У сверстников, у многих – не было. Послевоенная безотцовщина сиротской бедой прокатилась по каждой второй семье…
Отец был членом ВКП(б) с довоенных времён. Был ли батюшка коммунистом – из тех, кого, согласно происхождению, причисляли к «настоящим», или всего-то был «рядовым» членом партии, – партии, членство в которой позволяло продвигаться по служебной лестнице, – утверждать не могу. Но, судя по незначительным постам, которые занимал отец на протяжении почти восьмидесяти лет, в этом членстве, как мне кажется, всё же было больше сознательной веры, чем, скажем, приспособленчества или иных конъюнктурных соображений.
В сорок пятом, то ли за боевые заслуги, то ли за это самое членство, то ли за обладание почти завершённым высшим образованием, отца направили, как изъяснялись тогда, – «поднимать» крупное пригородное хозяйство.
Я был мал, только что пошёл в первый класс, но кое-что из этой короткой эпопеи пребывания отца в должности «красного директора», в моей памяти всё же сохранилось, хотя и в виде обрывочных, одиночных картинок. Надо заметить, что в первые послевоенные годы, вернувшиеся из действующей армии офицеры, продолжали носить военную форму: брюки-галифе, китель (с орденами, либо с орденскими планками), без погон, но со свежеподшитым подворотничком; венчали же сей гардероб (часто порядком затасканный) – начищенные до блеска хромовые сапоги…
Отец, конца 45-го, и запомнился мне одетым в такую же офицерскую полупарадную форму, с тремя навинченными на китель орденами; запомнился молодцеватым, чисто выбритым, и пахнущим дешёвым трофейным одеколоном.
Я, тогда семилетний, частенько видел отца объезжающим свои «директорские владения» верхом на ухоженной лошадке… с карабином за спиной: шёл 46-й год, хозяйство восстанавливали отбывающие повинность пленные немцы. Да и бандитизм был той щукой, которая созидающим гражданам дремать не позволяла.
Ещё обрывочно сохранились в памяти какие-то фаэтоны, поездки в гости, разгульная жизнь…

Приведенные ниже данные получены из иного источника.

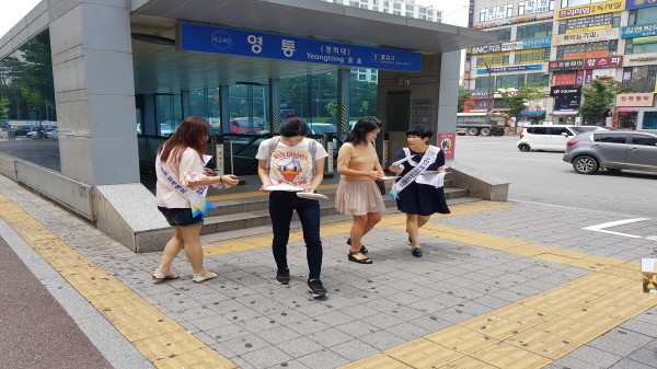 경기 수원시 영통구 영통2동 지역사회보장협의체에서는 지난 12일 유동인구가 많은 영통역 롯데마트 앞에서 '어려운 이웃 찾기 캠페인'을 실시했다. 사진은 협의체 관계자들이 주민들에게 홍보지를 전달하는 모습.(사진제공=영통구청)
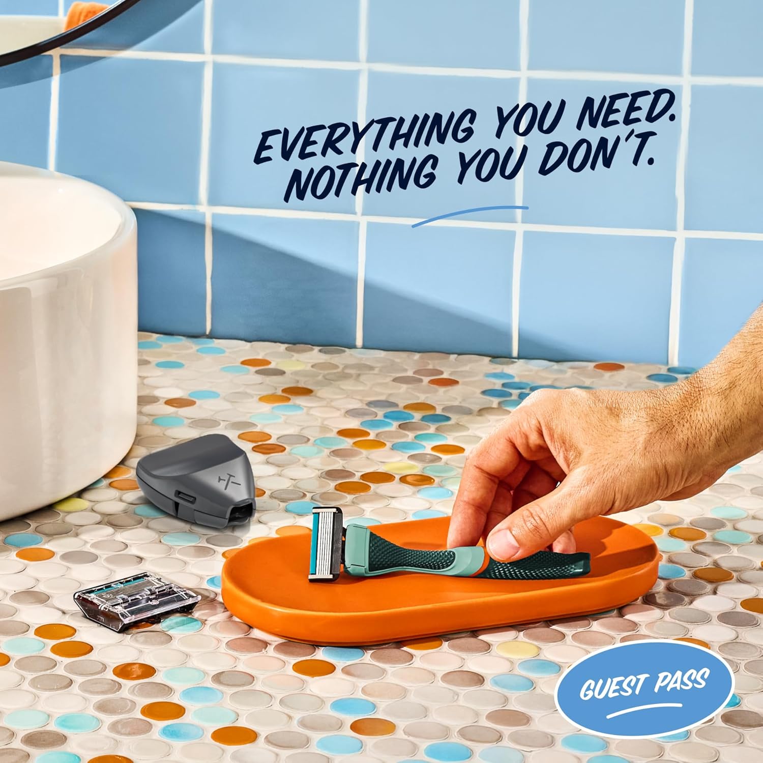 Dollar Shave Club | The Guest Pass Shave Set | 2 Extra Close Refill Cartridges, 1 Handle (Green), 1 Razor Cover, Razors for Men
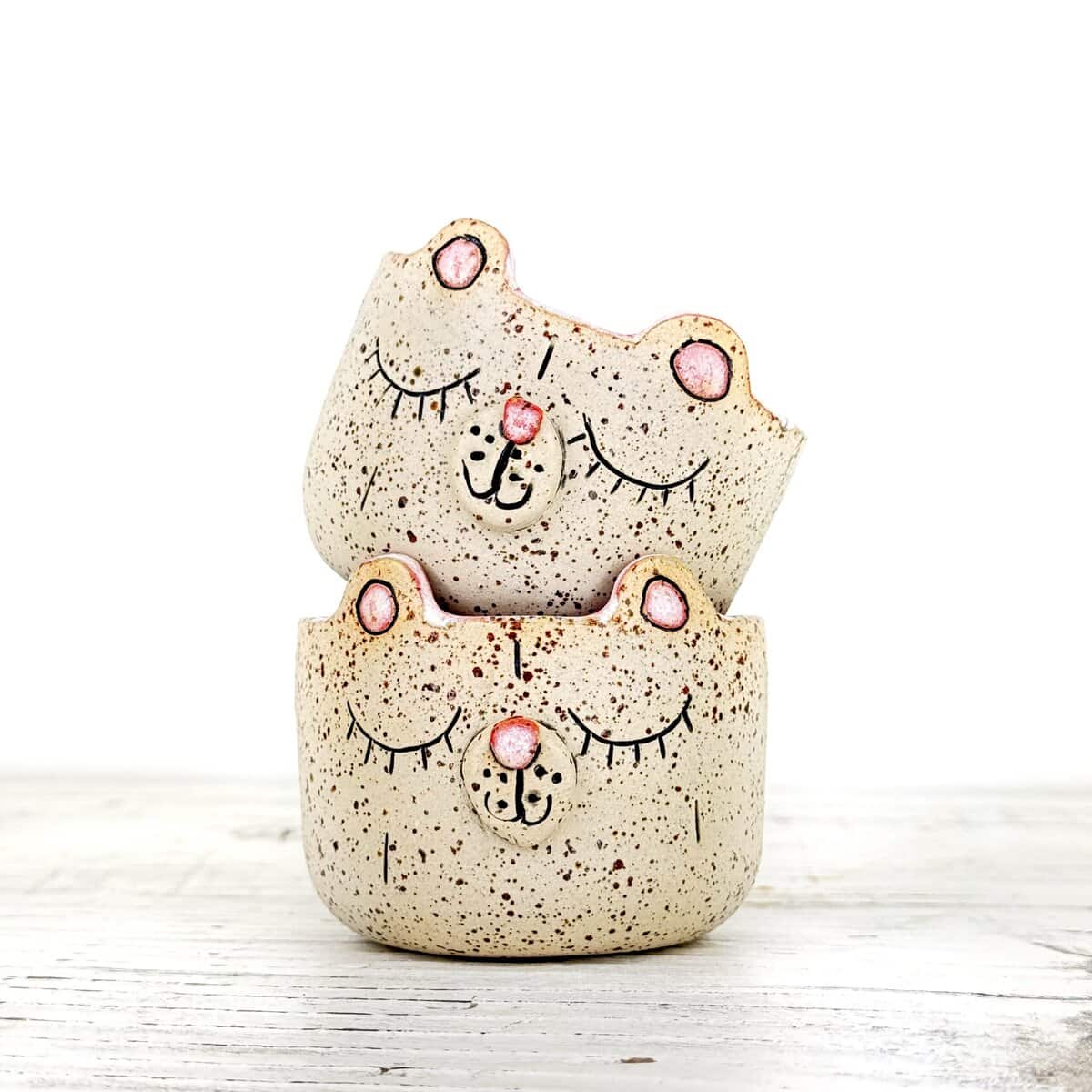 Tento kalíšek je ručně vytočen na hrnčířském kruhu z kvalitní pigmentované kameniny, ručně modelován a následně vypálen při vysokých teplotách v elektrické peci. Jemné odchylky v objemu, měřeném až po plný okraj, slouží jako orientační hodnota.
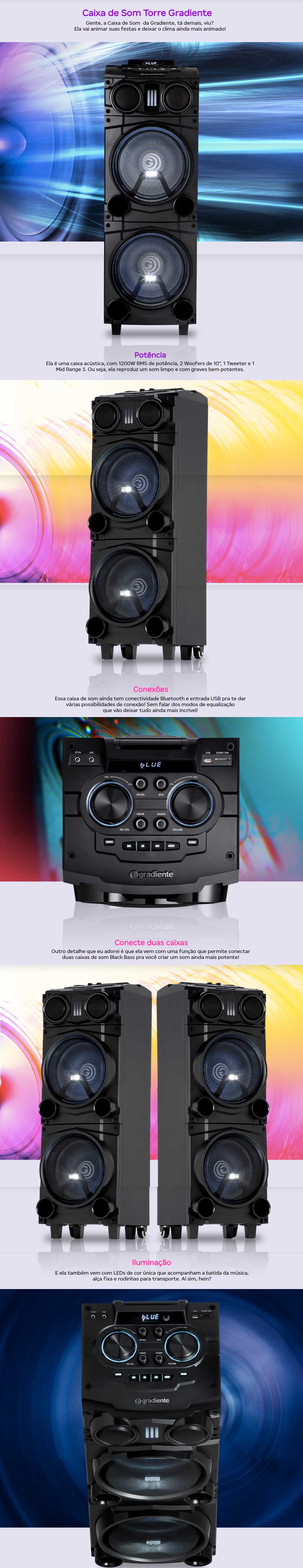 A Caixa Amplificada Mini System TorreBox da Gradiente traz a pureza original da música através de seus graves épicos e agudos nítidos proporcionando qualidade e sofisticação em qualquer ambiente. Ela conta com conexão Bluetooth, LEDs que acompanham a batida da música, entrada P2 auxiliar, 2 entradas P10 para microfone e guitarra, painel de controle e ainda função Gradiente Connect que permite conectar duas torres de som GDB10M, criando um efeito estereofônico que aumenta a potência sonora do ambiente. Além disso, possui fácil transporte com alça fixa e rodinhas nos pés e gráfico luminoso animado que acompanha a batida da música. A caixa de som amplificada oferece graves épicos para que a sua festa seja completa e com a inconfundível qualidade sonora GRADIENTE. São 1.800W de potência, para uma experiência de som incrível para curtir suas músicas preferidas. O acabamento em madeira da caixa amplificada Gradiente traz uma melhor fidelidade dos áudios e maior durabilidade ao produto. Um efeito de iluminação inconfundível e de impacto. Os LEDs ritmíticos que alteram conforme as batidas das músicas. Além de possuir também um espectro de LED na parte frontal, com gráfico luminoso que acompanha as batidas das músicas favoritas. Para mais diversão, essa caixa de som conta com 2 entradas P10, uma para guitarra e outra para microfone. Controle volume do microfone, guitarra e da caixa de som separadamente. O controle de graves e agudos melhoram a qualidade sonora e fidelizam o áudio de acordo com a sua preferência. A função Gradiente Connect (TWS) permite que conecte 2 torre de som para potencializar ainda mais o som da sua festa e oferecer uma melhor experiência sonora. Fácil de transportar, ela tem rodinhas e alça para levar para onde for.
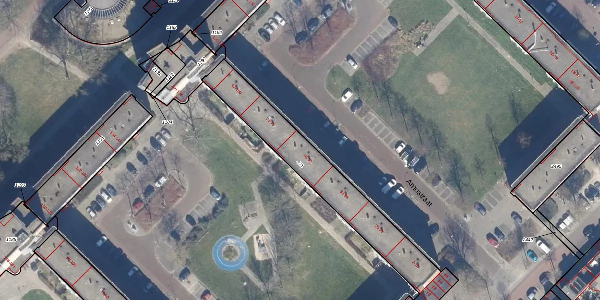 Het perceel waarop Arnostraat 66 staat heeft een oppervlakte van 1489 m². Dit is een zeer groot perceel. De perceeloppervlakte wordt geregistreerd door het Kadaster. Gedetailleerde informatie over de maten van dit perceel kunt u vinden in het rapport Kadastrale kaart met maatvoering van Arnostraat 66.

В конце 45-го, после четырёх лет фронтовых лишений, после осмысления, что остался жив, что вернулся здоровым, и вроде бы без явных признаков ущербности, – солдату, офицеру, и генералу, конечно же, хотелось взять по максимуму от скудных щедрот послевоенного времени. Разумеется, за так, или по спецпрейскуранту. И брали по максимуму (но в пределах своих статусов), – и герой-солдат, вернувшийся в родную деревню, и офицер-орденоносец, получивший в награду руководящую должность, и генерал, купающийся в лучах своей полководческой славы.
И в этой погоне за благоденствием, «богу» всегда отдавалось – богово, кесарю – кесарево, а слесарю – слесарево. Брали правдами и неправдами, открыто и тайно, келейно и напоказ. Падали и поднимались, лишались должностей и партийных индульгенций, признавали ошибки, вымаливали прощение, и, усевшись в новые кресла, вновь принимались за добывание благ и житейских коврижек.
Угар послевоенного времени, в котором победители жаждали: «всего и сейчас!».
И гибли, и ломались, и уходили в небытие…
Отец, в те первые, эйфоричные, послевоенные годы, тоже (в доступном ему масштабе) – хотел «всего и сейчас». Угар захлестнул его, если не с головой, то по ноздри. В моей памяти обрывочно, но сохранились – и пикники, и «загулы на природе», и сцены джигитовки отца на лошади, и поездки в город на ленд-лизовском студебекере, на сеансы тогдашнего, «важнейшего из всех искусств», – кино. Отец любил повертеть руль тяжёлой машины, но чаще, по причине «нехорошего» состояния, всё же доверял руль «штатному» водителю.